Stability of steady flight
CHAPTER 9
The preceding chapters have provided the analytical and aerodynamic tools needed to analyze the dynamic behavior of flight vehicles. We now apply them to a consideration of the stability of small disturbances from steady flight. This is an extremely important property of aircraft—first, because steady flight conditions make up most of the flight time of airplanes, and second, because the disturbances in this condition must be small for a satisfactory vehicle. If they were not it would be unacceptable for either commercial or military use. The required dynamic behavior is ensured by design—by making the small-disturbance properties of concern (the natural modes, Fig. 3.6) such that either human or automatic control can keep the disturbances that ensue from atmospheric motion, movement of passengers, etc., to an acceptably small level. Finally, as pointed out in Sec. 5.10, the small-disturbance model is actually valid for disturbance magnitudes that seem quite violent to human occupants.
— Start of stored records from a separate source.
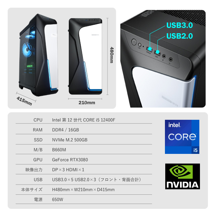 ゲーミングPC COMBAT ZONE S6 GeForce RTX3080 第12世代 Corei5 Win10 SSD500GB メモリ16GB eスポーツ PASOUL 煌 1年保証
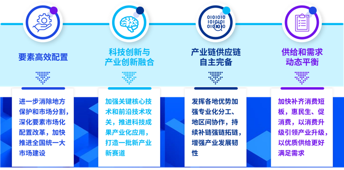 此后,“十四五”规划对“促进国内国际双循环”进行具体部署,党的二十大报告则提出“增强国内大循环内生动力和可靠性,提升国际循环质量和水平”,明确将“内生动力”和“可靠性”作为国内大循环的两个核心目标。
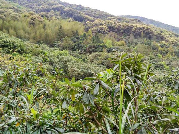 在雷瑞山墓的周围都是层层梯田。有的早已荒芜,有的虽然模样还清晰可见,但也都种上枇杷了。这些梯田面积都不大,并且每块田之间的落差都比较大,有的甚至达到一丈有余。但是,田地周围的石砌却相当精细而坚固,确实可以看出当年拓荒的艰辛。
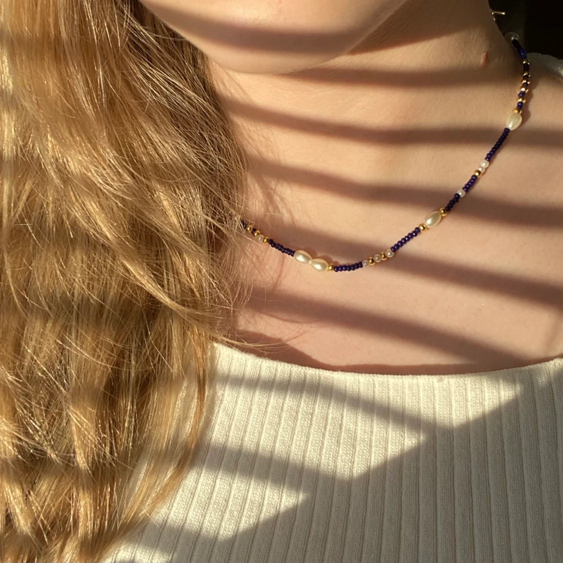 Superfint pärlat halsband. Går att få andra färger och designs efter önskemål.
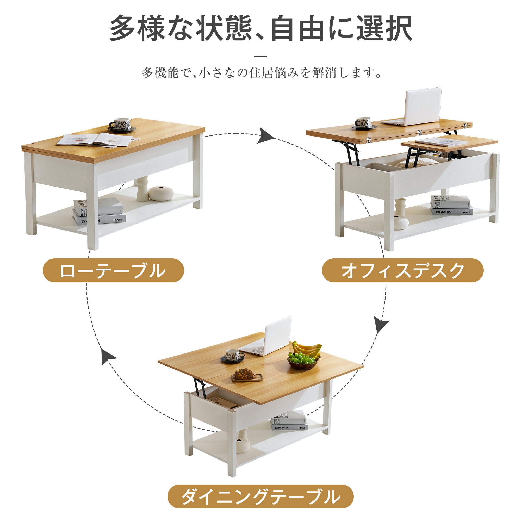 昇降テーブル リフティングテーブル 木 ブラック グレー ブラウン ナチュラル

To study the stabihty of the linear/invariant systems that result from the small-disturbance approximation, we need only the eigenvalues of the system. If the real parts are negative, the system is stable. More complete information about the characteristic modes is usually wanted, however, and is supplied by the eigenvectors. The complete solution for arbitrary initial conditions in the autonomous case follows directly from the eigenvalues and eigenvectors—it is given by any of (3.3,9), (3.3,13), or (3.3,49).
For the most part, the equations of motion are too complicated, even when linearized and simplified as far as is reasonable, to arrive at analytical results of general validity. Hence the technique we use is to demonstrate representative behavior by numerical examples. From these, certain useful analytical approximations can be inferred.